In the absence of such a measure, companies are potentially ignoring the influence of cross-media exposure and resorting to more subjective methods of extrapolating media performance. As these methods are not consumer-defined and tend to rely on broad assumptions, they may not correlate with the multiple measurement approach proposed in the current study.

In comparing extant approaches to measuring media channel performance with that proposed in this study, there is evidence of a significant difference in the outcome of either approach. This is important on two grounds. First, it demonstrates that the manner in which media channel performance is measured can affect the results with implications for future media planning decisions. Second, it offers an alternative (or supplemental) approach to measuring media channel performance that recognises the contribution of each strand and which incorporates the effects of synergy.

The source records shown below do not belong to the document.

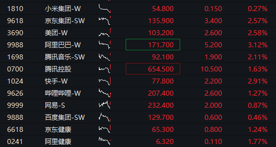 科网股反弹,京东健康高开2%,京东健康涨超2%,携程涨近2%,ASMPT、小米、京东、中芯国际、华虹半导体等涨超1%;贵金属续涨,紫金矿业涨3%。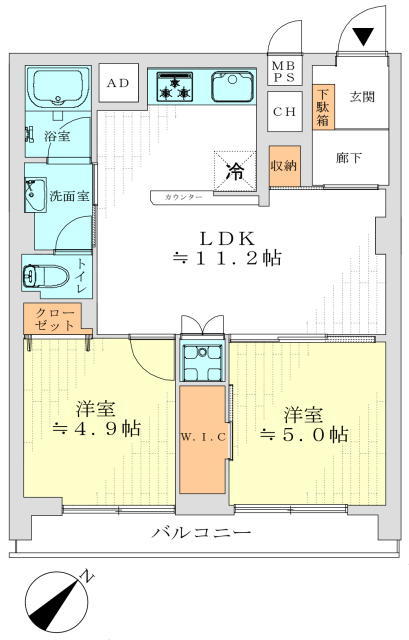 | バルコニー面積 | 南東向き (バルコニー面積不明) | ||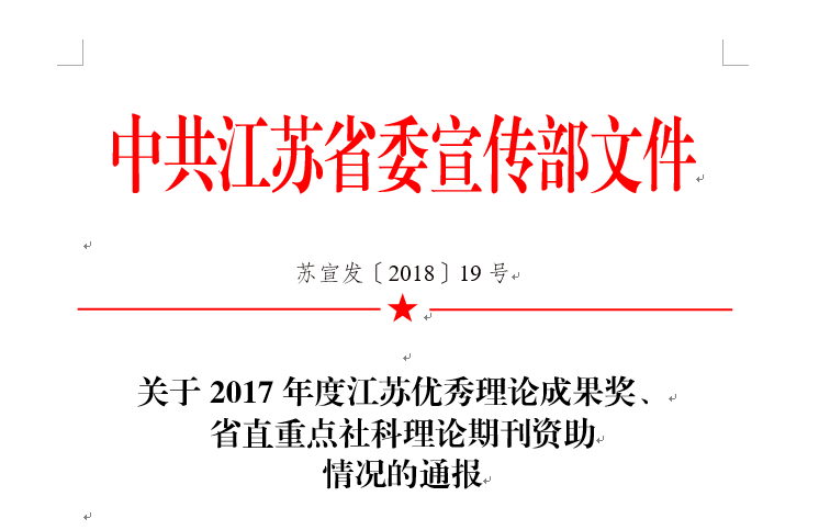 近日,江苏省委宣传部公布了2017年度江苏优秀理论成果奖及省直重点社科理论期刊资助评选结果。经组织申报、评议和审核,十大信誉官网四位教师荣获2017年度江苏优秀理论成果奖。

The findings of this study suggest that a more refined approach to measuring media performance is possible, yielding different and possibly more accurate results, compared with current approaches. Testing the new approach on a larger sample size, comparing it with current ‘last-in wins’ approaches and extending it to other online environments would provide additional evidence for its usefulness.

The results of this study thus expand the range of possibilities for measuring media channel performance, while offering guidance for the next step in developing a more sophisticated model-based approach to media planning that quantitatively incorporates synergies between media channels.